## What is needed
Once "国投瑞银信息消费灵活配置混合型证券投资基金 份额累计净值增长率与业绩比较基准收益率的历史走势对比图 (2014" turns up in a line below, reproduce that line and those after it exactly, stopping after the line with "แบบหัวตัด ไม่ประดับพลอย"; leave pictures out.

[Stored records]
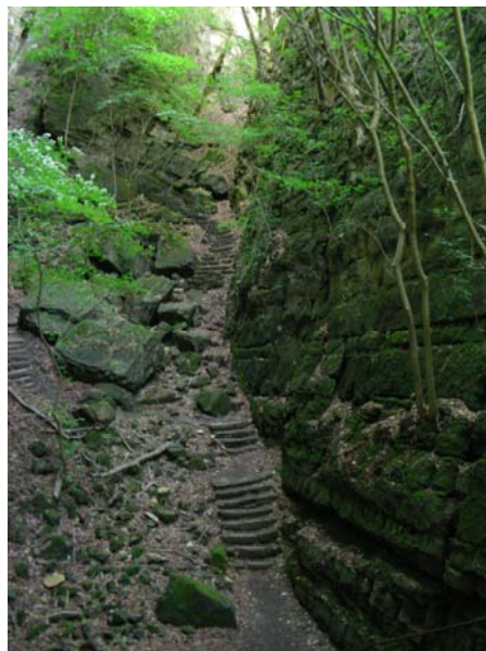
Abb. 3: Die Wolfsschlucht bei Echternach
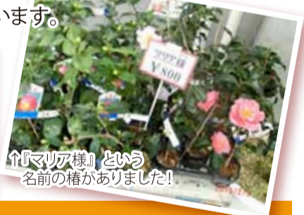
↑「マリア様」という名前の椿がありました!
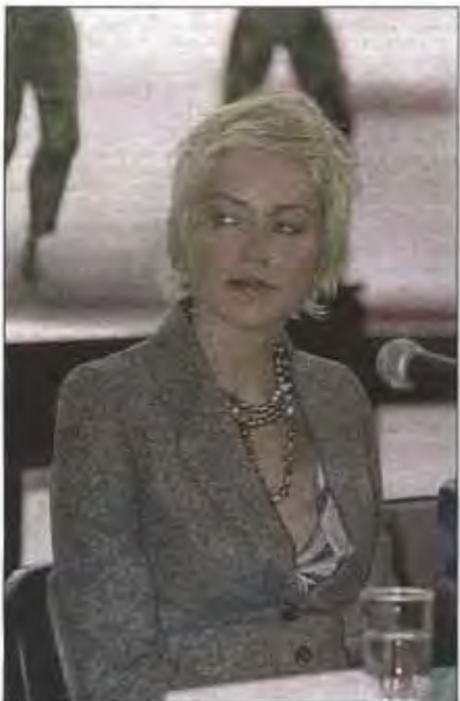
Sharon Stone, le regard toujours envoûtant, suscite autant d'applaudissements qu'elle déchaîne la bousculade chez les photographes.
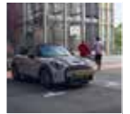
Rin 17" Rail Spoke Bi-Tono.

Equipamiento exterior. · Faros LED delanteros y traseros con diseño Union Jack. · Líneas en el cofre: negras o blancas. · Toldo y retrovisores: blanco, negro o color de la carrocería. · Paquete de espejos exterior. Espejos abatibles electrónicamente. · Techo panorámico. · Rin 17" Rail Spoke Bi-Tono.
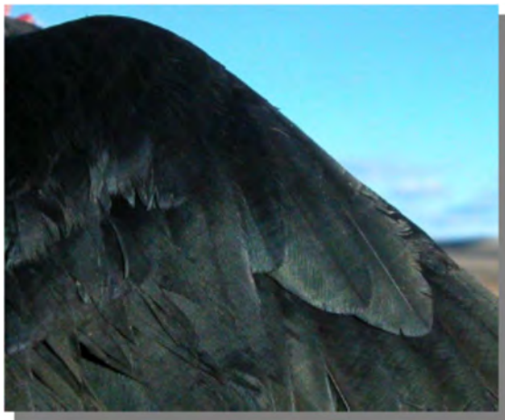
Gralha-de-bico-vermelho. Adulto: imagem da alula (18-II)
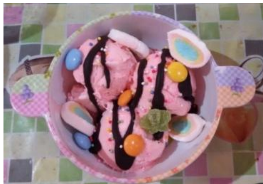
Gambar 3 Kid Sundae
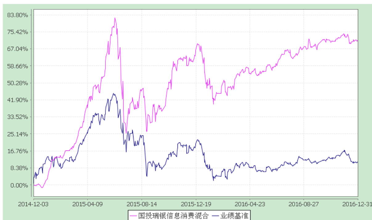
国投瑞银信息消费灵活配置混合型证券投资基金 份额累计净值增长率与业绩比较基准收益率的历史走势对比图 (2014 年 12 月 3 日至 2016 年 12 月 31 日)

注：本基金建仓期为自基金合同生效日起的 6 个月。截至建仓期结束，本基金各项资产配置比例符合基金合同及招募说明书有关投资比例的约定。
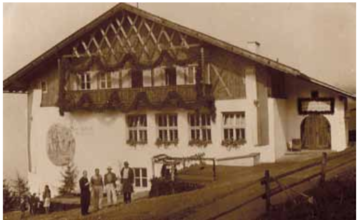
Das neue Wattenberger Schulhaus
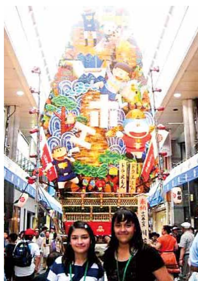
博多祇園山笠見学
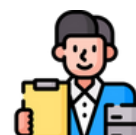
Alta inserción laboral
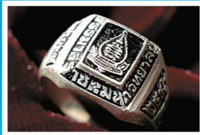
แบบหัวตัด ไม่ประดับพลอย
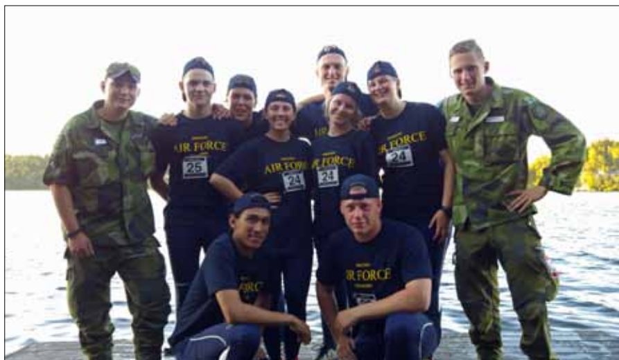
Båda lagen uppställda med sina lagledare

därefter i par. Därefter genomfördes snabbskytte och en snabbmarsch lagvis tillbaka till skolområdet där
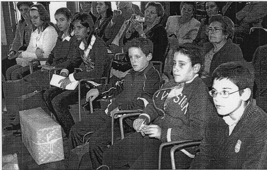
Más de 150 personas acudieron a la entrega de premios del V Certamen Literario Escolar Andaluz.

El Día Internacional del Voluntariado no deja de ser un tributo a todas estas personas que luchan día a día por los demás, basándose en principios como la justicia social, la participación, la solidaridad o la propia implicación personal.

## Result of this task
国投瑞银信息消费灵活配置混合型证券投资基金 份额累计净值增长率与业绩比较基准收益率的历史走势对比图 (2014 年 12 月 3 日至 2016 年 12 月 31 日)

注：本基金建仓期为自基金合同生效日起的 6 个月。截至建仓期结束，本基金各项资产配置比例符合基金合同及招募说明书有关投资比例的约定。
Das neue Wattenberger Schulhaus
博多祇園山笠見学
Alta inserción laboral
แบบหัวตัด ไม่ประดับพลอย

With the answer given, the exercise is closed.